• _Exercise prompt_:
Starting with the line that has "- Stopnie antypoślizgowe" in the records below and stopping after the line that has "GFT is seeking", output every line exactly and nothing else; skip pictures.

• _Source material_:
'''

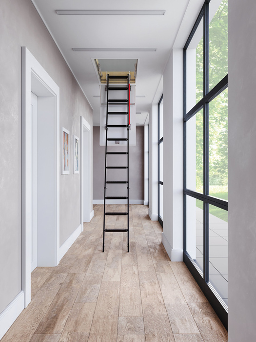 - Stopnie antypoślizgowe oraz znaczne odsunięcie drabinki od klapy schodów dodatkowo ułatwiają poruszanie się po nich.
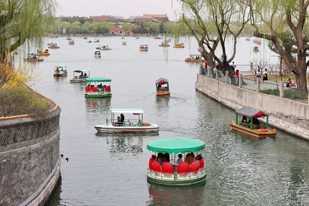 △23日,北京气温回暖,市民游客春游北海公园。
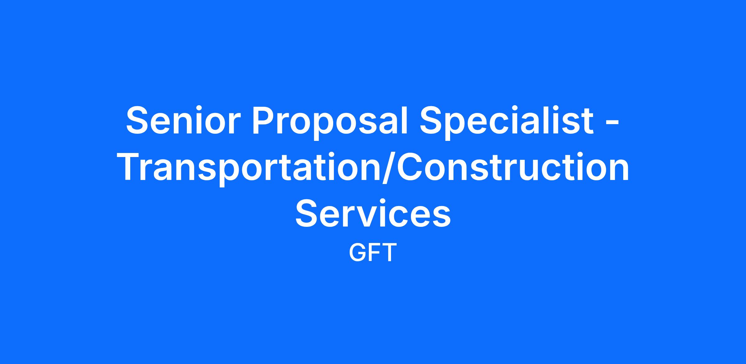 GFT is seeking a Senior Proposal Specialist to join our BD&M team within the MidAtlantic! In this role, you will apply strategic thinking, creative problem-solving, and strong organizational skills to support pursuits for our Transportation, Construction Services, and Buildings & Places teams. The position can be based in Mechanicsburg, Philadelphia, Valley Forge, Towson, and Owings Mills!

'''
'''

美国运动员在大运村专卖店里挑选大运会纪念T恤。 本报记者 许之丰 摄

'''

• _Exercise output_:
 - Stopnie antypoślizgowe oraz znaczne odsunięcie drabinki od klapy schodów dodatkowo ułatwiają poruszanie się po nich.
 △23日,北京气温回暖,市民游客春游北海公园。
 GFT is seeking a Senior Proposal Specialist to join our BD&M team within the MidAtlantic! In this role, you will apply strategic thinking, creative problem-solving, and strong organizational skills to support pursuits for our Transportation, Construction Services, and Buildings & Places teams. The position can be based in Mechanicsburg, Philadelphia, Valley Forge, Towson, and Owings Mills!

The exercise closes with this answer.